美文网首页rnaseqseurat系列单细胞
Seurat的打分函数AddMouduleScore

Seurat的打分函数AddMouduleScore

作者: Hayley笔记 | 来源:发表于2021-05-28 20:51 被阅读0次

    在读张泽民老师发表的新冠文献的时候看到计算免疫细胞的cytokine score或inflammatory score使用了Seurat包的AddMouduleScore函数,在计算细胞周期的CellCycleScoring函数的原代码中也使用了这个函数。

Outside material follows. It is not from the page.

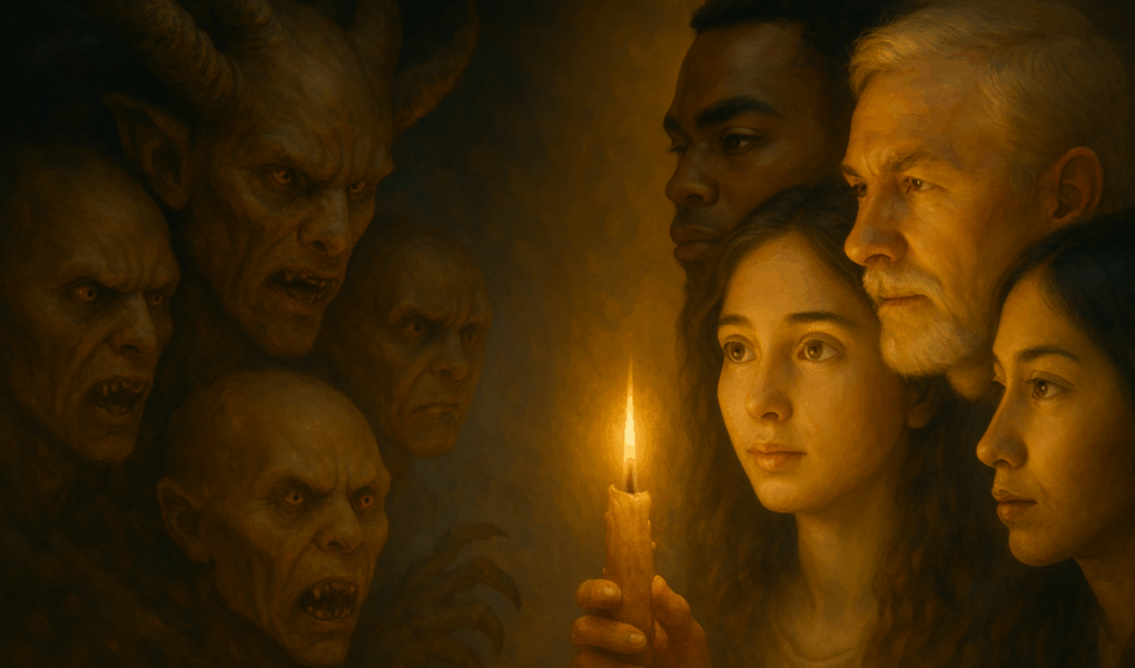 A small flame pierces the darkness as humanity gathers around its fragile glow. Their faces—young and old, of many colors—reflect calm courage, each illuminated by the shared light of hope. Across from them, in the shadows, distorted figures of fear and hatred snarl in frustration, unable to cross the boundary of illumination. The candle becomes more than fire; it is the spark of consciousness itself, proving that even the faintest light can hold back the endless night.

    此功能可用于计算任何基因列表的监督模块评分,非常实用!!!

    1. 查看一下这个函数的用法

    library(Seurat)
    ?AddModuleScore
    

    2. 使用

    输入数据:Seurat对象和一个gene list。

    • 1 准备矩阵
    library(tidyverse)
    library(Matrix)
    library(cowplot)
    pbmc <- readRDS("pbmc.rds") 
    
    • 2 准备想要计算的gene list
    inflammatory_gene <- readxl::read_xlsx("inflammatory_gene.xlsx")
    View(inflammatory_gene)
    
    #转换成list
    gene <- as.list(inflammatory_gene)
    
    • 3 计算
    pbmc <- AddModuleScore(
        object = pbmc,
        features = gene,
        ctrl = 100, #默认值是100
        name = 'CD_Features'
    )
    

    计算结果保存在pbmc@meta.data[["CD_Features1"]]
    得到的score是在每个细胞中算出来的我们感兴趣的基因的表达均值
    其在使用时需要先计算基因集中所有基因的平均值,再根据平均值把表达矩阵切割成若干个bin,然后从切割后的每一个bin随机抽取对照基因(基因集外的基因,默认100个)作为背景值。最后所有的目标基因算一个平均值,所有的背景基因算一个平均值,两者相减就是该gene set的score值。因此,在整合不同样本的情况下,即使使用相同基因集为相同细胞打分,也会产生不同的富集评分。从本质上看它和Zscore的算法很类似,Zscore又称Z值,原是一个统计学概念,表示的是个体测量值X以标准差σ为单位,偏离总体均数μ的距离,即:Z score=(X-μ)/σ。牵扯到统计学的概念不免有些难以理解,简单说它就是处理过的平均值。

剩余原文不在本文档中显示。